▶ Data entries

□ □ □ □

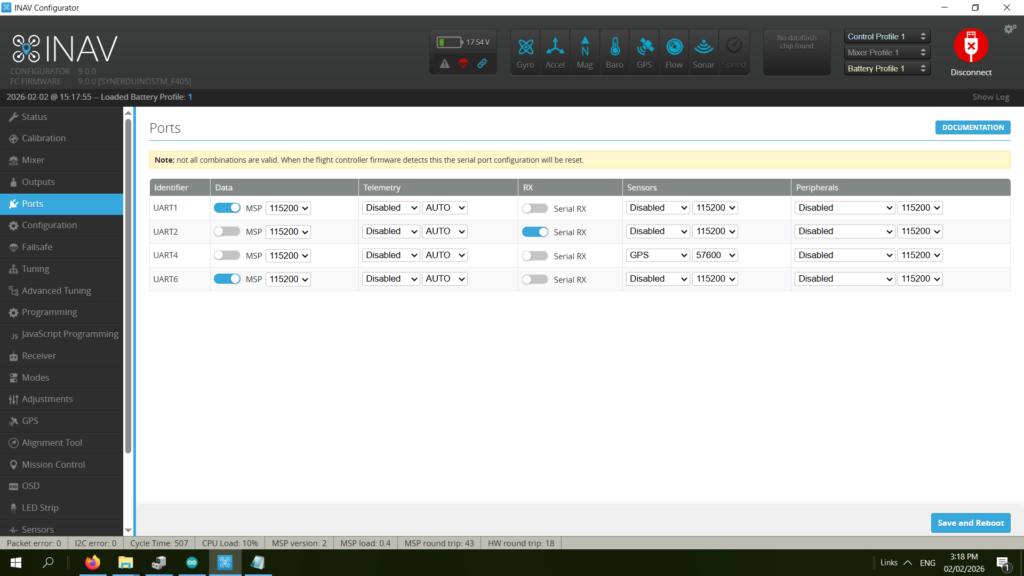 here we place is on UART 6 as this is one of the ports available at MSP 115200 baud
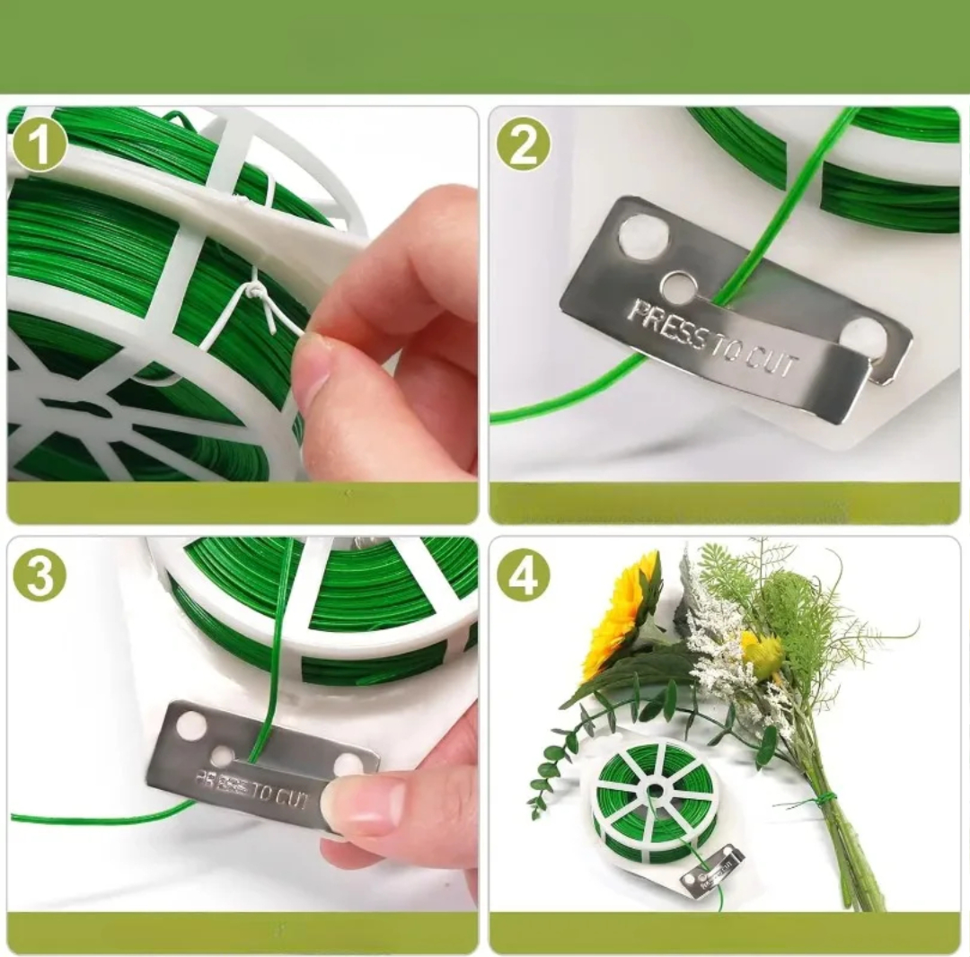 Denne hagesnoren med kutter gjør det raskt og enkelt å støtte planter. Den hjelper deg med å sikre stengler, blomster og klatreplanter uten ekstra verktøy, og holder hagen din ryddig og sunn. Den sterke jerntråden med plastbelegg beskytter plantene samtidig som den holder dem godt på plass. Med den innebygde kutteren kan du klippe nøyaktig den lengden du trenger på få sekunder, noe som sparer tid og krefter.
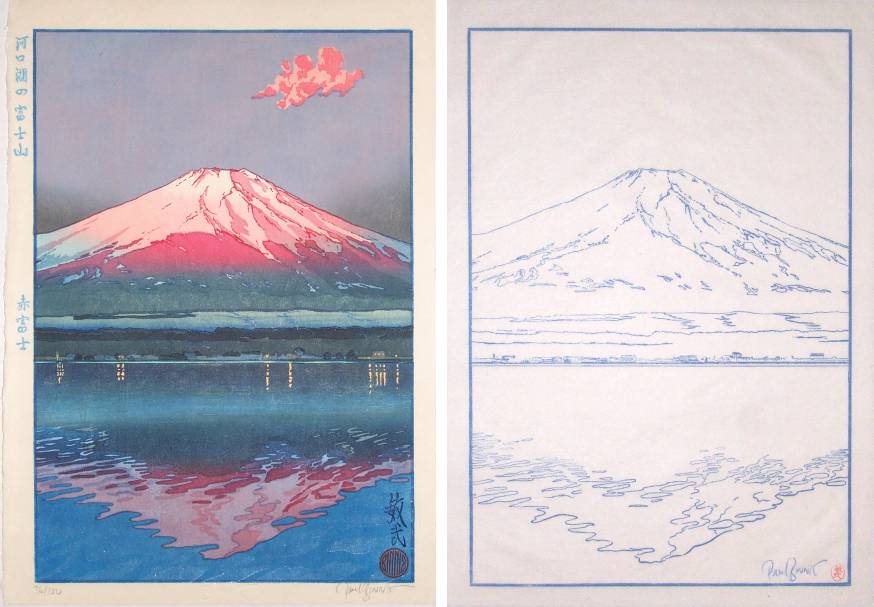 An EXCLUSIVE Ukiyoe-Gallery offering: A gorgeous reflected image of Mt Fuji as seen from Lake Kawaguchi PLUS the matching "keyblock" image. See John Fiorillo's webpage on
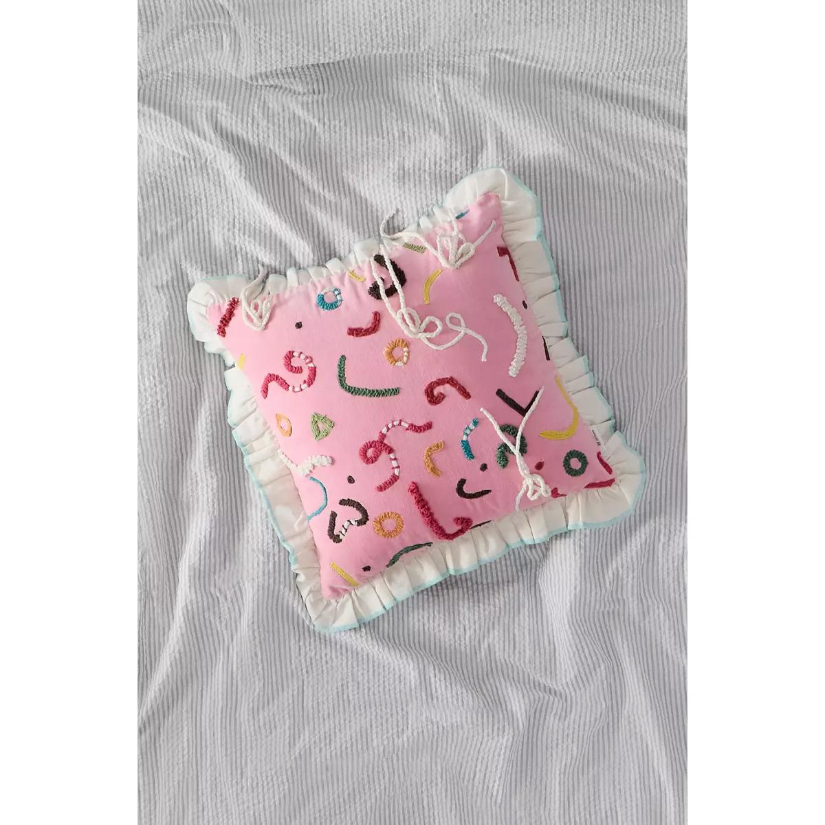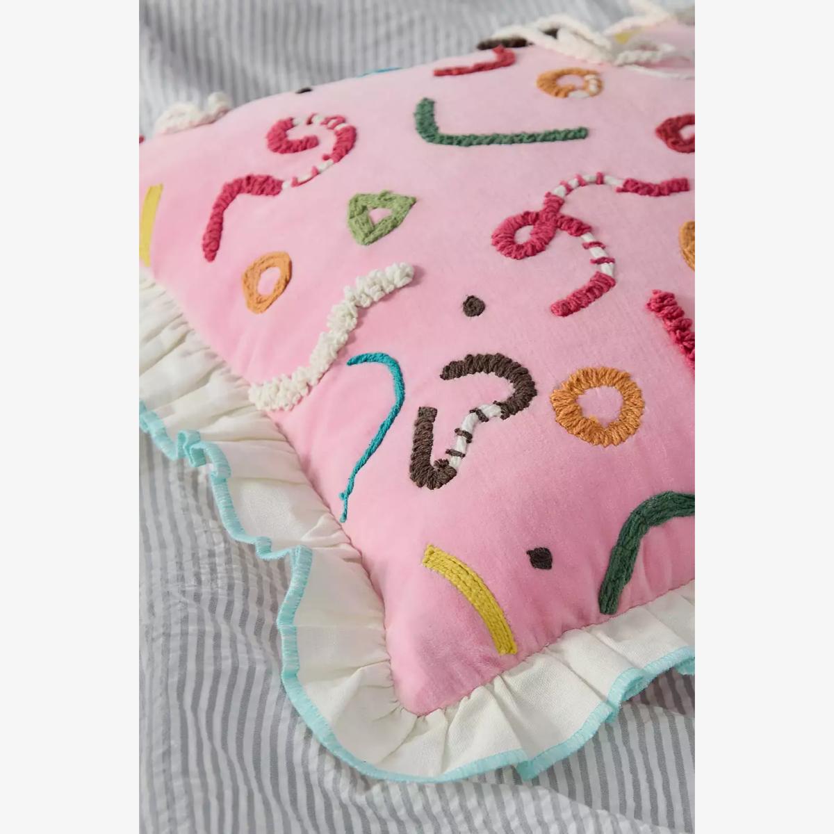 Vibrant cushion with an embroidered confetti design. Classic square shape complete with ruffled edges for a romantic finish. **Content + Care** \- Outer: 100% Cotton \- Filling: 100% Polyester \- Removable insert \- Spot clean only **Size** \- 45cm x 45cm
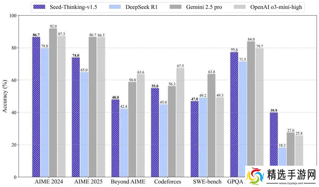 Seed-Thinking-v1.5模型在多个领域展现出了卓越的性能。在数学推理方面,它在AIME 2024竞赛中取得了86.7的高分,与OpenAI的o3-mini-high模型不相上下。在编程竞赛中,该模型在Codeforces平台上的通过率达到了55.0%,接近Gemini 2.5 Pro的水平。在科学推理任务上,Seed-Thinking-v1.5也取得了77.3%的优异成绩,同样接近业界领先模型。而在通用任务中,人类评估显示其表现超过了DeepSeek R1达8%,能够覆盖多种场景需求。

□ □ □ □

▶ WORK ITEM
Every entry is to be reproduced word for word, and no image is carried over.

▶ YOUR SOLUTION
 here we place is on UART 6 as this is one of the ports available at MSP 115200 baud
 Denne hagesnoren med kutter gjør det raskt og enkelt å støtte planter. Den hjelper deg med å sikre stengler, blomster og klatreplanter uten ekstra verktøy, og holder hagen din ryddig og sunn. Den sterke jerntråden med plastbelegg beskytter plantene samtidig som den holder dem godt på plass. Med den innebygde kutteren kan du klippe nøyaktig den lengden du trenger på få sekunder, noe som sparer tid og krefter.
 An EXCLUSIVE Ukiyoe-Gallery offering: A gorgeous reflected image of Mt Fuji as seen from Lake Kawaguchi PLUS the matching "keyblock" image. See John Fiorillo's webpage on
 Vibrant cushion with an embroidered confetti design. Classic square shape complete with ruffled edges for a romantic finish. **Content + Care** \- Outer: 100% Cotton \- Filling: 100% Polyester \- Removable insert \- Spot clean only **Size** \- 45cm x 45cm
 Seed-Thinking-v1.5模型在多个领域展现出了卓越的性能。在数学推理方面,它在AIME 2024竞赛中取得了86.7的高分,与OpenAI的o3-mini-high模型不相上下。在编程竞赛中,该模型在Codeforces平台上的通过率达到了55.0%,接近Gemini 2.5 Pro的水平。在科学推理任务上,Seed-Thinking-v1.5也取得了77.3%的优异成绩,同样接近业界领先模型。而在通用任务中,人类评估显示其表现超过了DeepSeek R1达8%,能够覆盖多种场景需求。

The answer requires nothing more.